(Dataset entries)
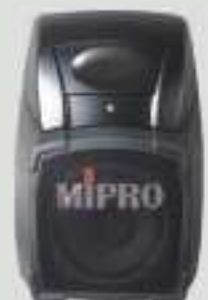
MA-101AXP Extension Speaker
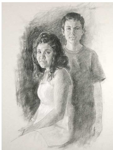
"Study for Commission" 18x24 Charcoal
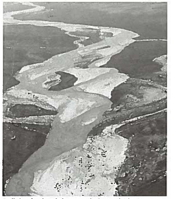
Defining banks of the meandering Red River presents problems to the boundary commission.

U.S. declared the boundary to be the south or main fork of the river. The Supreme Court ruled against Texas in 1896, stating the south or main fork was the boundary and that the south bank of the Red River was indeed the line
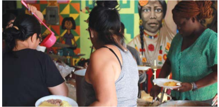
Espacio Migrante, a shelter in Tijuana, Mexico, has received funds from Loretto's Hunger Fund.
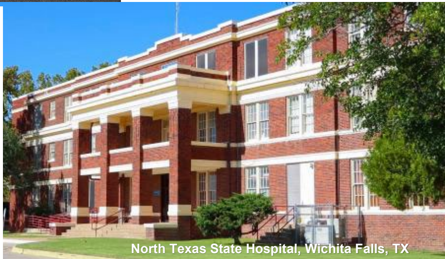
North Texas State Hospital, Wichita Falls, TX

The North Texas State Hospital in Wichita Falls, TX was originally designed by Voelcker & Dixon in 1938. GBA Architects have done several renovations on the campus over the years along with GB Construction. We have recently completed 3 renovation projects that included elevator work, interior and exterior renovations of several buildings and the design of new gated drive through, security office, and new fencing.
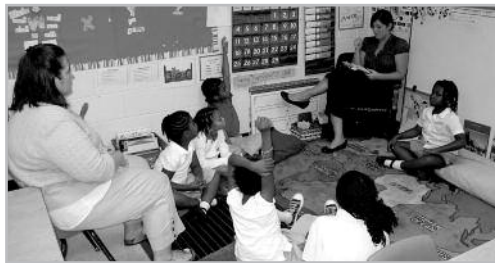
Creative Writing Club
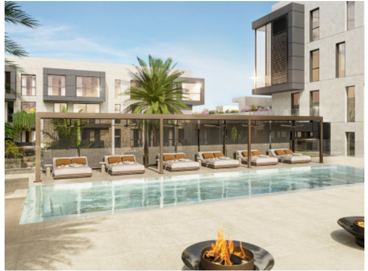
Inviting pool area
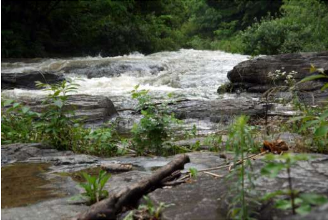
A stream in the South Korean countryside
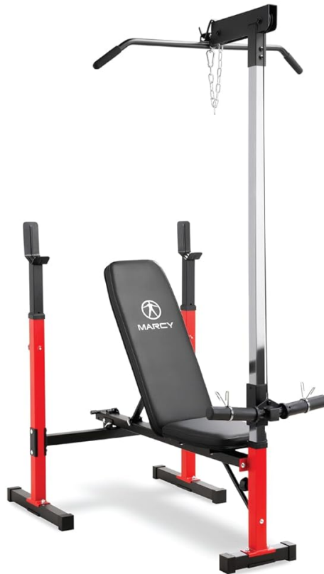
Lat Tower ( ACC-8048LT )
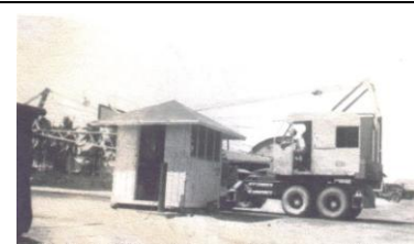
Crane returning to PW after a days work. A busy bee....47'
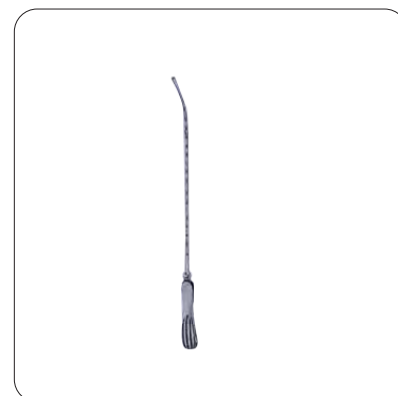
Marlin, Uterine Sound, SS
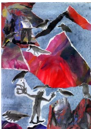
"Blinde Vogelfänger", GW 2003
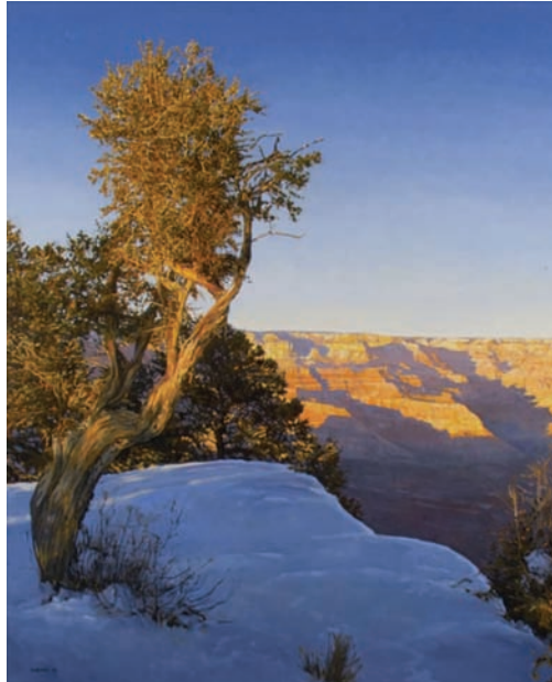
Peter Holbrook, Pinon at Trail View Oil on canvas, 48" x 40"
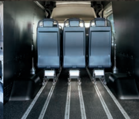
TransitWorks SmartFloor flexible flooring system shown in an HR Van with available equipment.
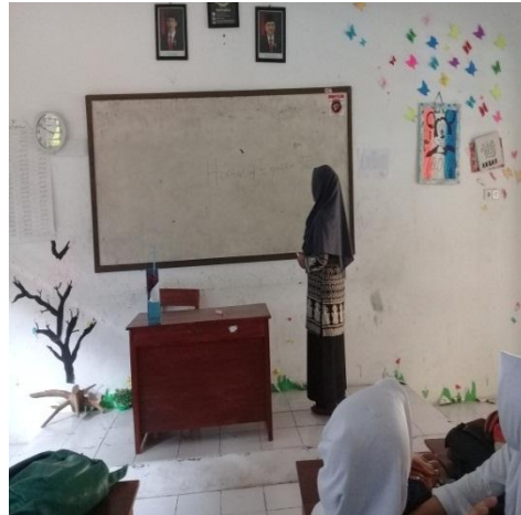
Treatment Experimental Class
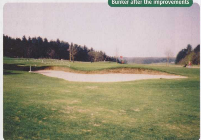
Bunker after the improvements
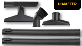
6 Piece Kit WS17856A 2 Extension Wands, Utility Nozzle, Dusting Brush, Wet Nozzle, Crevice Tool
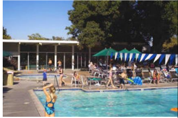
Swimming Pool at the Fairbrae Swim and Tennis Center
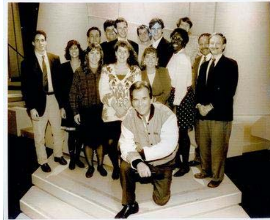
SU students remember Dick Clark's generosity as no act
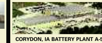
CORYDON, IA BATTERY PLANT A-5
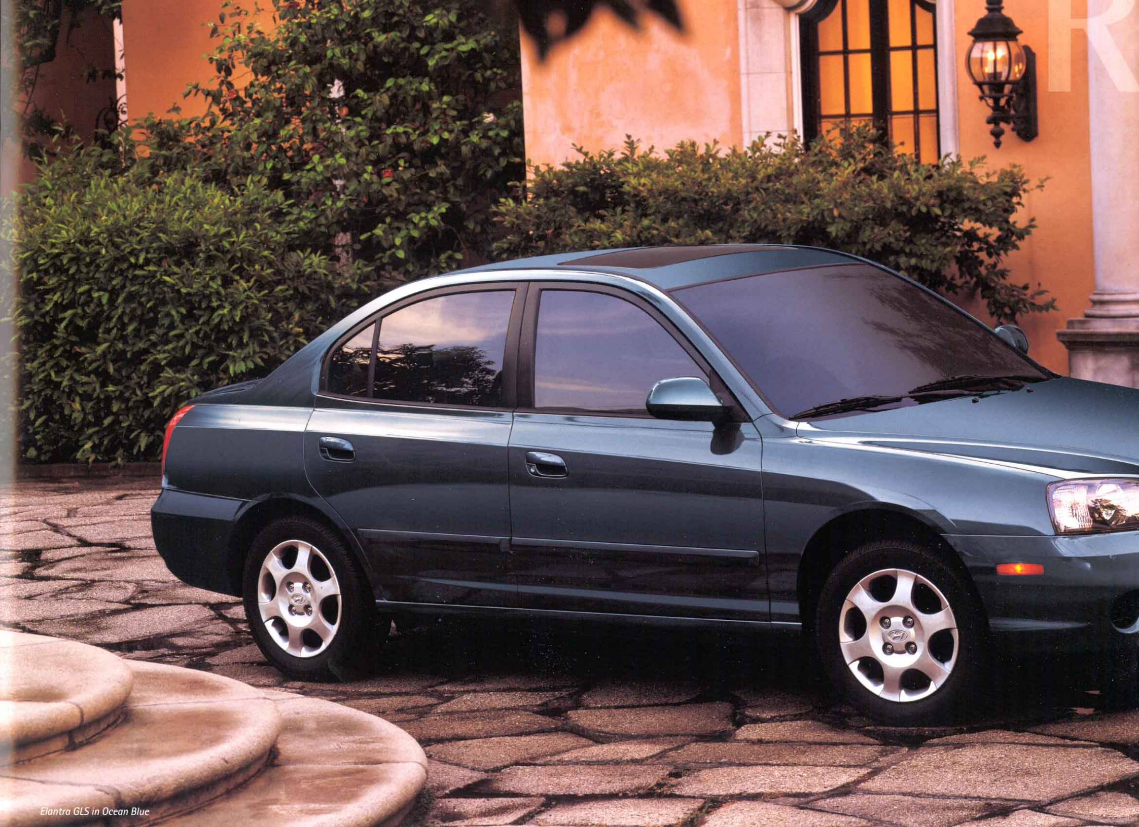
Elantra GLS in Ocean Blue
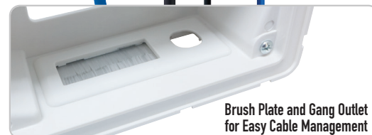
Brush Plate and Gang Outlet for Easy Cable Management
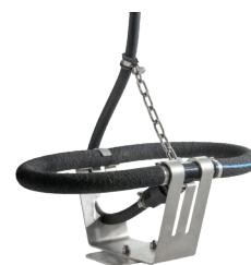
Kasco Single-loop Diffuser
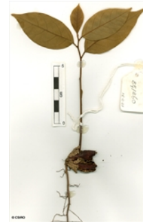
Cotyledon and 1st leaf stage, hypogeal germination.
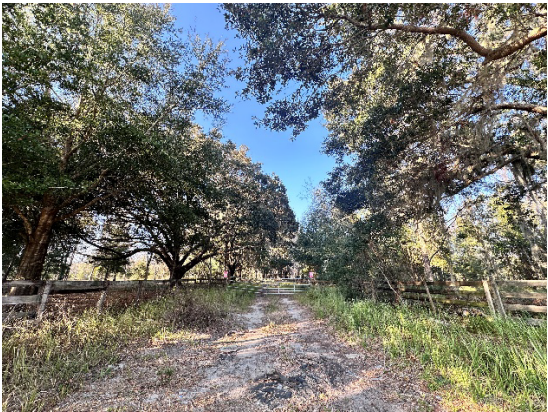
Existing site (undeveloped)
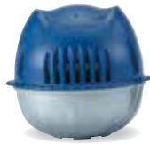
FROG® @ease® FLOATING SYSTEM
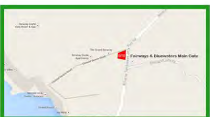
CityMall - Boracay
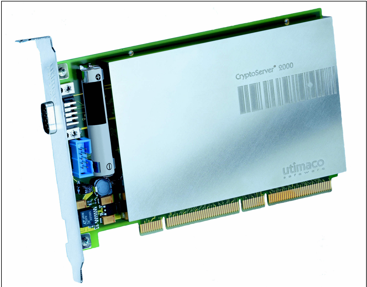
Figure 2 – CryptoServer 2000 mounted on the PCI carrier card
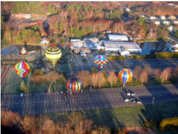
A pretty morning at the Aqua Turf in 2005
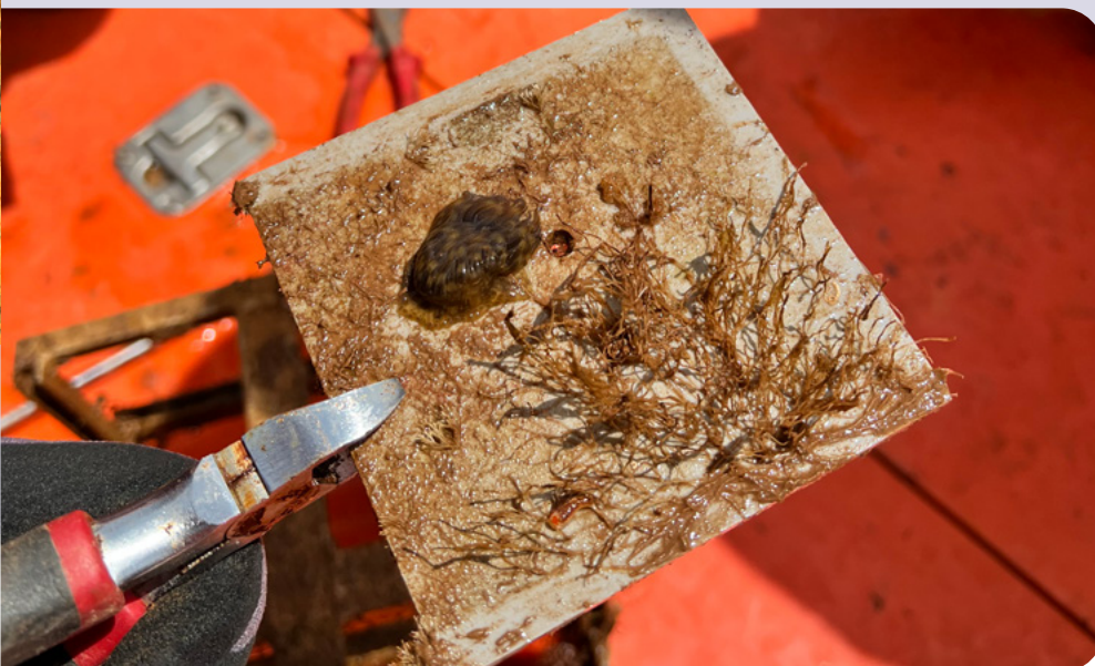
Marine growth on an array.

It is a world-first in the use of molecular techniques by a collaborative marine biosecurity surveillance network.
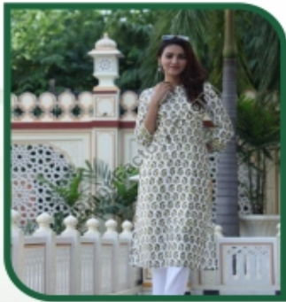
Hand Block Printed Cotton Kurti
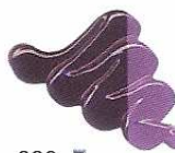
330 Violeta Permanente Oscuro Permanent Deep Violet ★★★ PV23
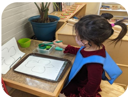
Shamrock Watercolor Painting
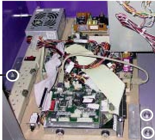
FIGURE 2 - CPU SECTION - ELECTRONICS TRAY MOUNTED ON BOTTOM WALL

BOLTS FASTENING ELECTRONICS TRAY TO GAME (3 TOTAL)
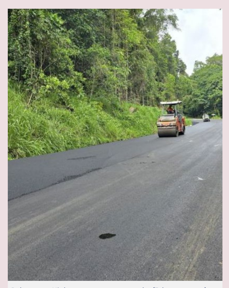
Palmerston Highway – emergency works (February 2024)

Once this next phase of works is completed, the major landslip sites that have required single-lane traffic control will be returned to two lanes.
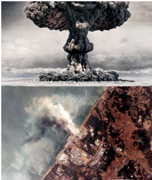
Fig. 2: Chernobyl nuclear explosion of 30 years ago (1986)

Here is the time for us to ponder least and to make a small comment. When we say that the energy donated by hydrogen is amiable, we are referring in general at her, but in particular to the nuclear fusion. Nuclear energy for fission has given us and many problems unpleasant over time. But still it has been and that who made us out from the energy crisis installed on the Earth, since years 1950-1970. Without nuclear energy for fission, mankind was collapse. It can be said that this energy, represented, to humanity, a big harm necessary. Want the images in Fig. 2 to remember us for a moment about the Chernobyl nuclear explosion of 30 years ago (1986).
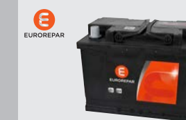
BATTERY 096 DS5 (2011 ON) EUROREPAR 3 YEAR GUARANTEE
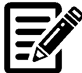
Write them a letter
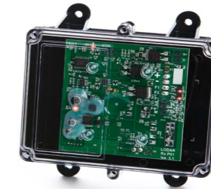
Standard FETS Functions: 1 / 2* / 4 / 6
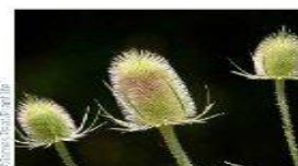
Wild teasel Dipsacus fullonum

A large perennial to 1m with rough leaves and pretty blue forget-me-not type flowers.
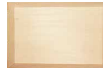
11"x 15"x 1.25" FIXED SIDED LARGE TRAY sku TG-DE-IX5 Qty: 100
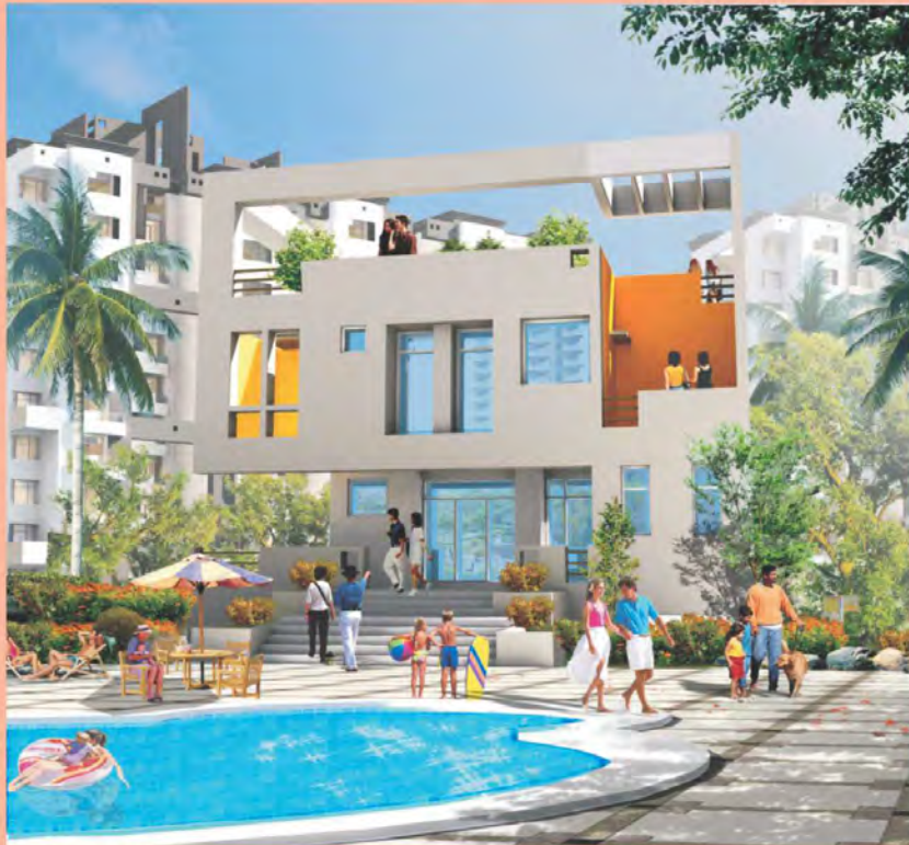
Perspective view of Club with Swimming Pool

ansal TOWN ALWAR STEP INTO MODERN LIVING

=== Exercise ===
Keep every word of the data as it is when you write it out, but drop the pictures.

=== Output of the task ===
MA-101AXP Extension Speaker
"Study for Commission" 18x24 Charcoal
Defining banks of the meandering Red River presents problems to the boundary commission.

U.S. declared the boundary to be the south or main fork of the river. The Supreme Court ruled against Texas in 1896, stating the south or main fork was the boundary and that the south bank of the Red River was indeed the line
Espacio Migrante, a shelter in Tijuana, Mexico, has received funds from Loretto's Hunger Fund.
North Texas State Hospital, Wichita Falls, TX

The North Texas State Hospital in Wichita Falls, TX was originally designed by Voelcker & Dixon in 1938. GBA Architects have done several renovations on the campus over the years along with GB Construction. We have recently completed 3 renovation projects that included elevator work, interior and exterior renovations of several buildings and the design of new gated drive through, security office, and new fencing.
Creative Writing Club
Inviting pool area
A stream in the South Korean countryside
Lat Tower ( ACC-8048LT )
Crane returning to PW after a days work. A busy bee....47'
Marlin, Uterine Sound, SS
"Blinde Vogelfänger", GW 2003
Peter Holbrook, Pinon at Trail View Oil on canvas, 48" x 40"
TransitWorks SmartFloor flexible flooring system shown in an HR Van with available equipment.
Treatment Experimental Class
Bunker after the improvements
6 Piece Kit WS17856A 2 Extension Wands, Utility Nozzle, Dusting Brush, Wet Nozzle, Crevice Tool
Swimming Pool at the Fairbrae Swim and Tennis Center
SU students remember Dick Clark's generosity as no act
CORYDON, IA BATTERY PLANT A-5
Elantra GLS in Ocean Blue
Brush Plate and Gang Outlet for Easy Cable Management
Kasco Single-loop Diffuser
Cotyledon and 1st leaf stage, hypogeal germination.
Existing site (undeveloped)
FROG® @ease® FLOATING SYSTEM
CityMall - Boracay
Figure 2 – CryptoServer 2000 mounted on the PCI carrier card
A pretty morning at the Aqua Turf in 2005
Marine growth on an array.

It is a world-first in the use of molecular techniques by a collaborative marine biosecurity surveillance network.
Hand Block Printed Cotton Kurti
330 Violeta Permanente Oscuro Permanent Deep Violet ★★★ PV23
Shamrock Watercolor Painting
FIGURE 2 - CPU SECTION - ELECTRONICS TRAY MOUNTED ON BOTTOM WALL

BOLTS FASTENING ELECTRONICS TRAY TO GAME (3 TOTAL)
Palmerston Highway – emergency works (February 2024)

Once this next phase of works is completed, the major landslip sites that have required single-lane traffic control will be returned to two lanes.
Fig. 2: Chernobyl nuclear explosion of 30 years ago (1986)

Here is the time for us to ponder least and to make a small comment. When we say that the energy donated by hydrogen is amiable, we are referring in general at her, but in particular to the nuclear fusion. Nuclear energy for fission has given us and many problems unpleasant over time. But still it has been and that who made us out from the energy crisis installed on the Earth, since years 1950-1970. Without nuclear energy for fission, mankind was collapse. It can be said that this energy, represented, to humanity, a big harm necessary. Want the images in Fig. 2 to remember us for a moment about the Chernobyl nuclear explosion of 30 years ago (1986).
BATTERY 096 DS5 (2011 ON) EUROREPAR 3 YEAR GUARANTEE
Write them a letter
Standard FETS Functions: 1 / 2* / 4 / 6
Wild teasel Dipsacus fullonum

A large perennial to 1m with rough leaves and pretty blue forget-me-not type flowers.
11"x 15"x 1.25" FIXED SIDED LARGE TRAY sku TG-DE-IX5 Qty: 100
Perspective view of Club with Swimming Pool

ansal TOWN ALWAR STEP INTO MODERN LIVING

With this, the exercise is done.